-
kochana Czekoladko! Weź się w garść! Nie ma co nad snickersem rozpaczać - jeden to nie przestępstwo... Bardziej martwiące są te bułki... Niby grahamka, ale jednak. Podobnie jak slodycze - produkty mączne dostarczają organizmowi mnóstwo węglowodanów, które są źródłem energii... A jak organizm ma do spalenia bułkę, czy snickersa - zapotrzebowanie energetyczne do spalenia tego jest zaspokojone przez wlasnie te weglowodany.
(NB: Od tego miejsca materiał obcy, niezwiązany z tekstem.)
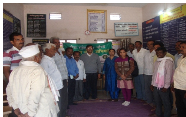
MGMG Programme at Pavnoor village, Wardha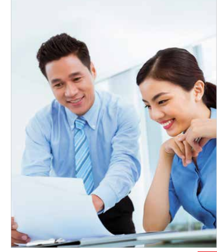
Are You Ready for Diagnostic Terminology? 09

Gdyby trawil bialko - np - bazowałby na zapasiku tłuszczu zawartym w organizmie.
Zawsze na noc staraj sie jeść prod. o wysokiej zawartości białka (jakiś serek wiejski np), to Twój organizm będzie miał co robić w nocy ;)
-
właź na rower i spal tego snicersa.
jeszcze Ci sie nic nie posypało...
pamietaj, ze jesli nawet cos tam zjesz wiecej, to jutro jest nowy dzien, kiedy mozna ladnie jesc a najwazniejsze to i tak spalic przebrzydłe kalorie, ktore wskoczyly do brzuszka:D
a ja dzisiaj stanowczo za duzo wegli;/
-
hej :)
dzięki dziewuszki za pocieszenie :)
kaleidoscope, jem te bułki, bo nie mam tu za bardzo wyboru, a z dostępem do kuchni też cienko :) bułki jem na śniadanie i czasami do obiadu (jak, np. mam parówki), bo kolacji nie jem zazwyczaj, a jeśli już to płatki :)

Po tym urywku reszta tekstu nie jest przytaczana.